** RECORDS PROVIDED follows **

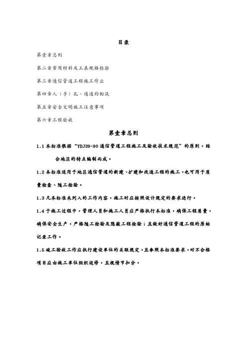 不久前,最新文档《(通信企业管理)通信管道工程施工作业指导书》全文正式在本站发布,感兴趣的用户可以下载阅读。 声明:本站所有文章,如无特殊说明或标注,均为本站原创发布。任何个人或组织,在未征得本站同意时,禁止复制、盗用、采集、发布本站内容到任何网站、书籍等各类媒体平台。如若本站内容侵犯了原著者的合法权益,可联系我们进行处理。
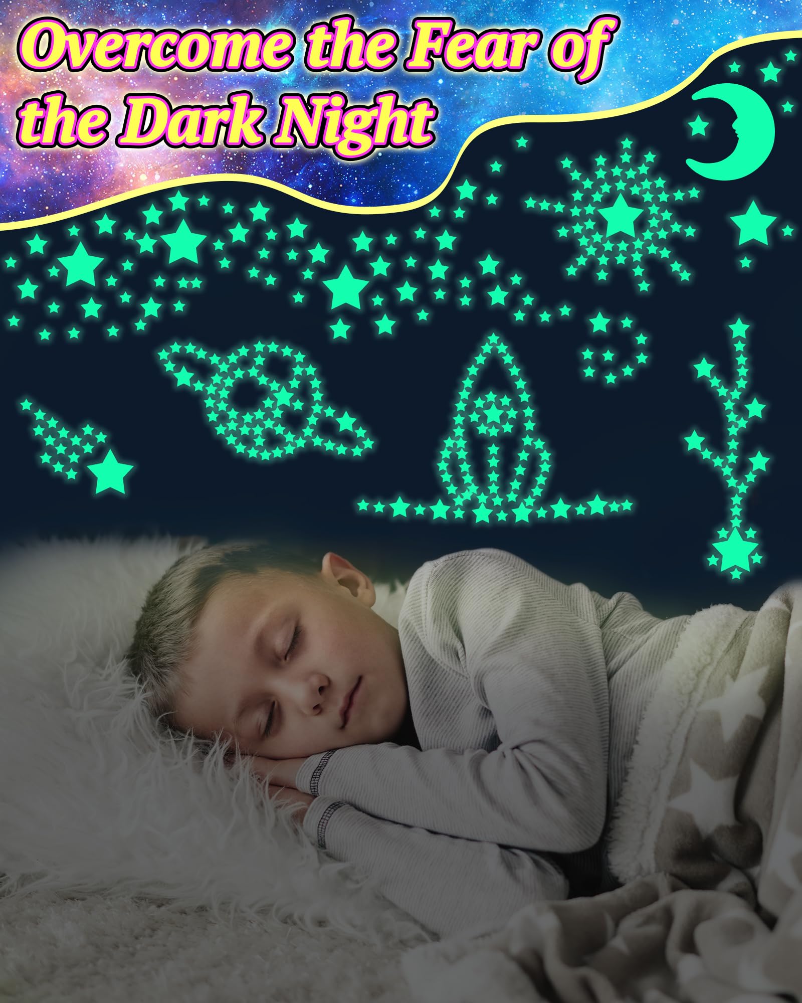 - Glow In The Dark Stars: Each pack includs 200 pcs glow in the dark stars and a bonus moon. The glowing stars would make the room looks like the night sky when the room is dark. It's a good solution to help those kids who fear of the dark, making it perfect for bedtime.
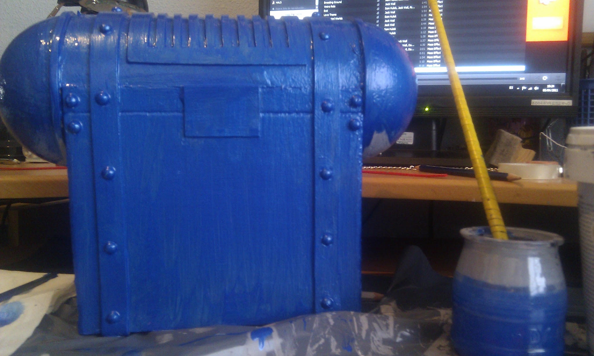 Y pintura acr铆lica en color azul metalizado.
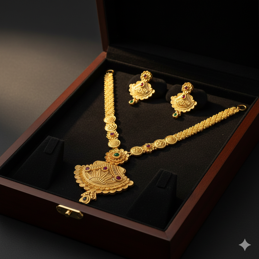 This necklace set is crafted using high-quality materials and a durable gold-plating process, ensuring both longevity and a premium finish. The intricate detailing, combined with the stone accents, speaks to the artisan’s dedication and skill. Whether you’re gifting it to someone special or indulging in a personal treat, this elegant set is a wonderful way to celebrate culture and style.
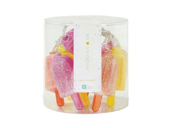Great for parties, patios and decorating anywhere, these Popsicle LED String Lights provide colorful, wireless accent lighting for indoor or outdoor spaces. Fun popsicle design is perfect for kids' parties and summer get-togethers. Ten long-lasting LED lights encased in transparent popsicle-shaped plastic shells are strung on a 4-foot cord with cordless battery operation. Requires 2 'AA' batteries (not included). Comes packaged in an individual box. Box measures approximately 6.75" x 2.75" x 9.5".
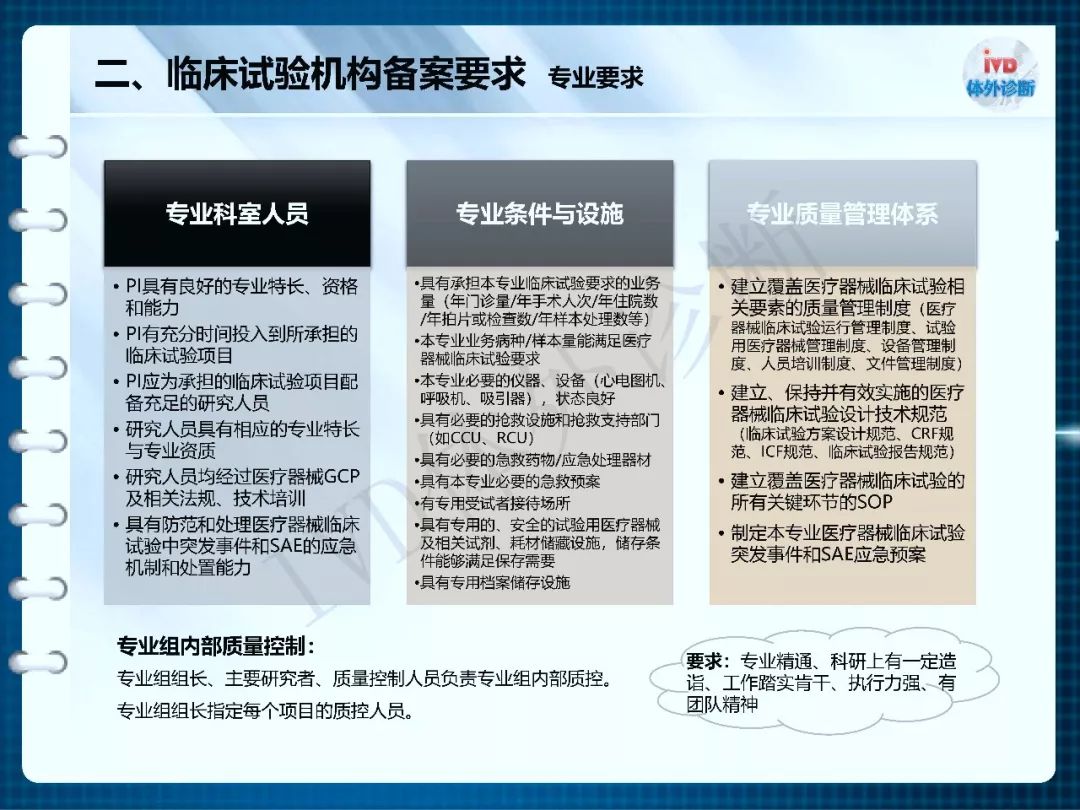 《备案办法》分为总则、备案条件、备案程序、监督管理和附则五章共二十条。 总体要求,明确了目的、定义和适用范围,适用于在我国境内开展医疗器械临床试验的临床试验机构备案。 备案条件,明确了医疗机构备案应当具备的条件等相关要求;为了加强对高风险医疗器械管理,保证受试者安全和提高临床试验质量,规定对列入需进行临床试验审批目录的第三类产品,应当在三级甲等医疗机构专业范围内开展临床试验;规定开展创新医疗器械产品或需进行临床试验审批的第三类医疗器械产品临床试验的主要研究者应具有高级技术职称并且参加过3个以上医疗器械或药物临床试验等等。 备案程序,由食品药品监管总局组织建立医疗器械临床试验机构备案管理信息系统(以下简称备案系统);医疗器械临床试验机构办理备案获得备案号后可以承担医疗器械临床试验。 监督管理,明确了省级以上食品药品监管部门和卫生计生行政部门按照分工负责组织开展对临床试验机构的监督管理和信息沟通等职责。
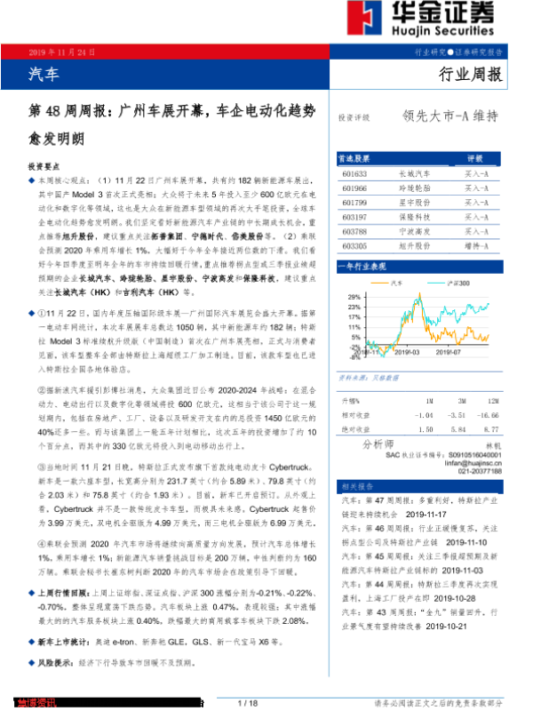 【华金证券】【20191124】汽车第48周周报:广州车展开幕,车企电动化趋势愈发明朗-18页 行业研究
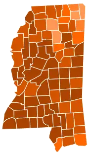 | Copiah | 2,523 | 95.90% | 19 | 0.72% | 89 | 3.38% | 0 | 0.00% | 2,434 | 92.52% | 2,631 |

** End of RECORDS PROVIDED **

◆ YOUR OBJECTIVE ◆
With the pictures omitted, copy the entries above exactly from the line containing "- Glow In The" through the line containing "Y pintura acr铆lica en color azul metalizado.", both lines included.

◆ WORKED SOLUTION ◆
 - Glow In The Dark Stars: Each pack includs 200 pcs glow in the dark stars and a bonus moon. The glowing stars would make the room looks like the night sky when the room is dark. It's a good solution to help those kids who fear of the dark, making it perfect for bedtime.
 Y pintura acr铆lica en color azul metalizado.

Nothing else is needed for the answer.